» Task statement: Transcribe, word for word and without additions, each line below from the one containing "歩かないと だめだね、市内のサテイ通りと市営野球場周辺の 歩道にあります。米沢の名産パターンと祭りのものがありました。" through the one containing "The VIVO Universal", both ends included.

Start of Data records

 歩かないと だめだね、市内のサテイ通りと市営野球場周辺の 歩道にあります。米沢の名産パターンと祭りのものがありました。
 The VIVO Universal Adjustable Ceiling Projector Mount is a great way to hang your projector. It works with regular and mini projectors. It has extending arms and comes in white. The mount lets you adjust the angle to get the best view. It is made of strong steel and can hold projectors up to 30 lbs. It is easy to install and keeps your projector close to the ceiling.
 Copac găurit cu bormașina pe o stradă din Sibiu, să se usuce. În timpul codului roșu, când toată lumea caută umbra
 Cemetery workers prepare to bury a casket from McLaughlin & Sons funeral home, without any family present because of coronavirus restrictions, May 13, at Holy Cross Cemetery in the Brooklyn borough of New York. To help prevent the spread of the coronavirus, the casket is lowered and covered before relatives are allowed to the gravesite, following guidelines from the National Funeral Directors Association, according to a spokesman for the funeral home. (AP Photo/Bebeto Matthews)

End of Data records
Start of Data records

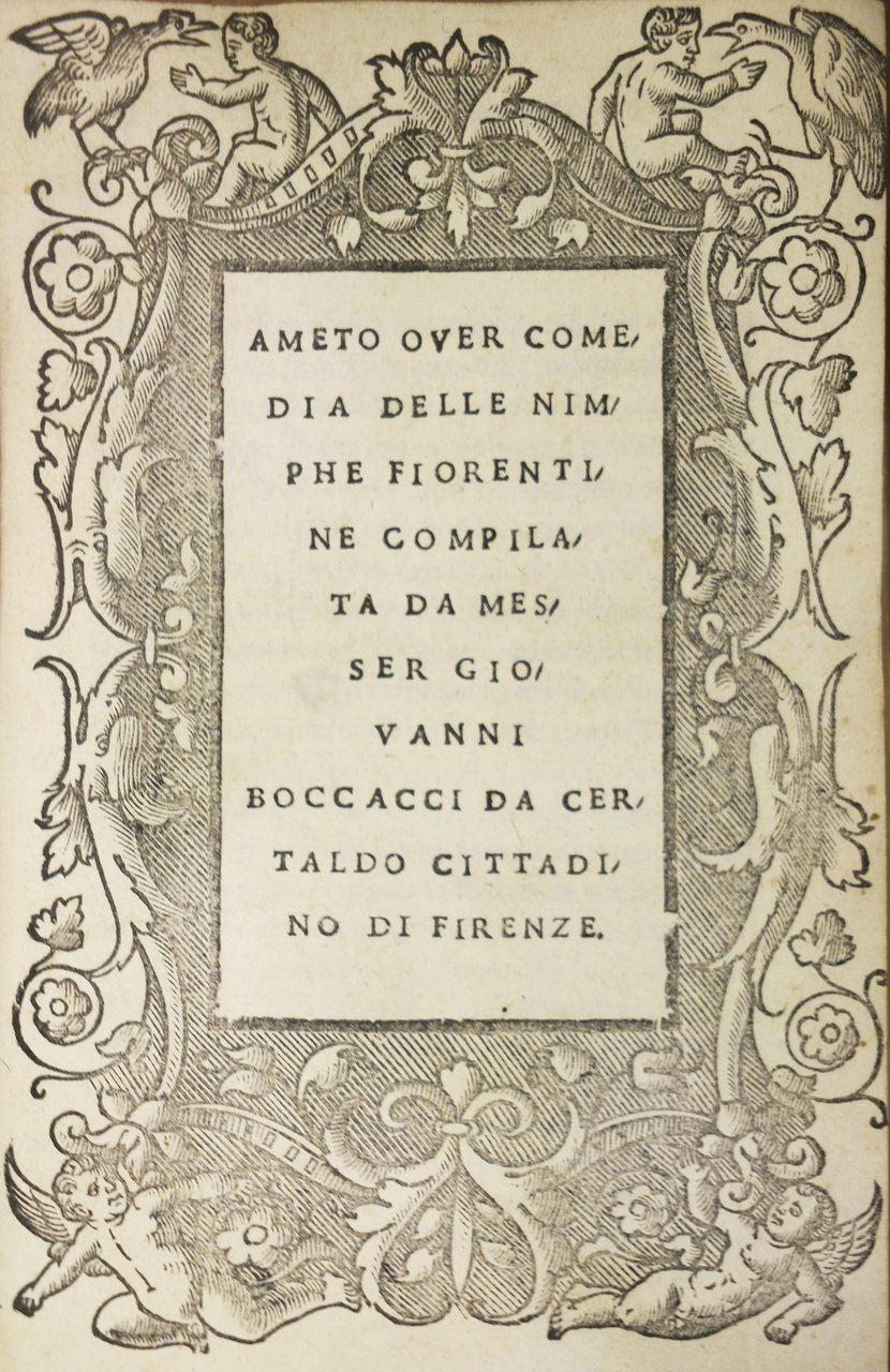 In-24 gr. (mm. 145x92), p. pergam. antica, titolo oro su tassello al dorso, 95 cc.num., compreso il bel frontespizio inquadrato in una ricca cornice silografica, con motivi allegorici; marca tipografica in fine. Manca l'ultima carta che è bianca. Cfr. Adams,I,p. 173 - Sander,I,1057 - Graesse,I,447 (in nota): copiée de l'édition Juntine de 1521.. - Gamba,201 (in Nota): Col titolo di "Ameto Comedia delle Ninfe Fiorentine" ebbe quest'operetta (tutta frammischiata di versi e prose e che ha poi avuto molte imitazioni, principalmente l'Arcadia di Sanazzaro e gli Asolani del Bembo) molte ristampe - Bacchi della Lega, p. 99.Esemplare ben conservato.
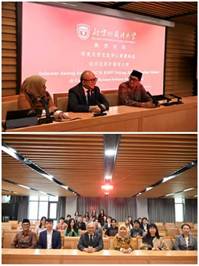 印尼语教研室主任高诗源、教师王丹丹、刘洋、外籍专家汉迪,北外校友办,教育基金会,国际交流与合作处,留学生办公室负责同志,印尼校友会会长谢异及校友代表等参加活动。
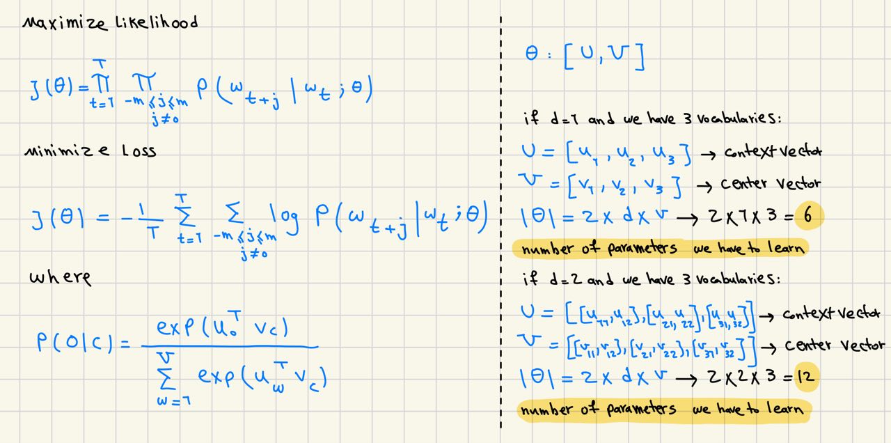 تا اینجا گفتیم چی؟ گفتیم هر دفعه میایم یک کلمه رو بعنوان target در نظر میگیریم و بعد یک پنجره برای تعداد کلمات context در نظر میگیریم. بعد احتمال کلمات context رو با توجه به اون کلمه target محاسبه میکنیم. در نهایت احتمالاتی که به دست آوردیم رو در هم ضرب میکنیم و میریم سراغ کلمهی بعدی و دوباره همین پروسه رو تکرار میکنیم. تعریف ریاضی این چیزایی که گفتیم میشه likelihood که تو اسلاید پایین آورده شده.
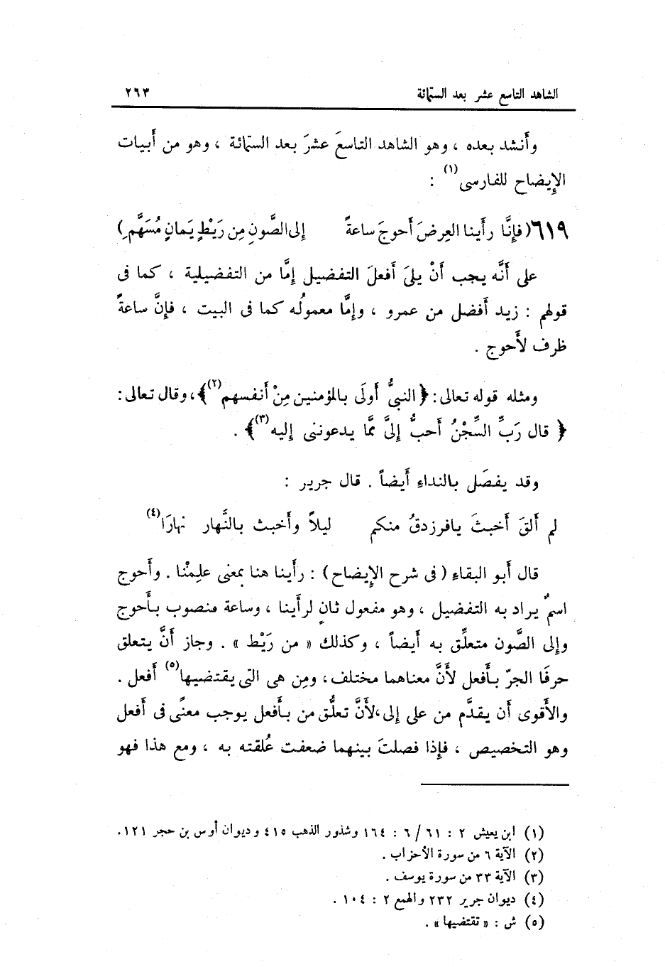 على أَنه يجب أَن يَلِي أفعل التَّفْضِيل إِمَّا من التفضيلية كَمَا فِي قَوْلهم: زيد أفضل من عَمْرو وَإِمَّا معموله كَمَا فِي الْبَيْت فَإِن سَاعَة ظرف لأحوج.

End of Data records

» Written answer:
 歩かないと だめだね、市内のサテイ通りと市営野球場周辺の 歩道にあります。米沢の名産パターンと祭りのものがありました。
 The VIVO Universal Adjustable Ceiling Projector Mount is a great way to hang your projector. It works with regular and mini projectors. It has extending arms and comes in white. The mount lets you adjust the angle to get the best view. It is made of strong steel and can hold projectors up to 30 lbs. It is easy to install and keeps your projector close to the ceiling.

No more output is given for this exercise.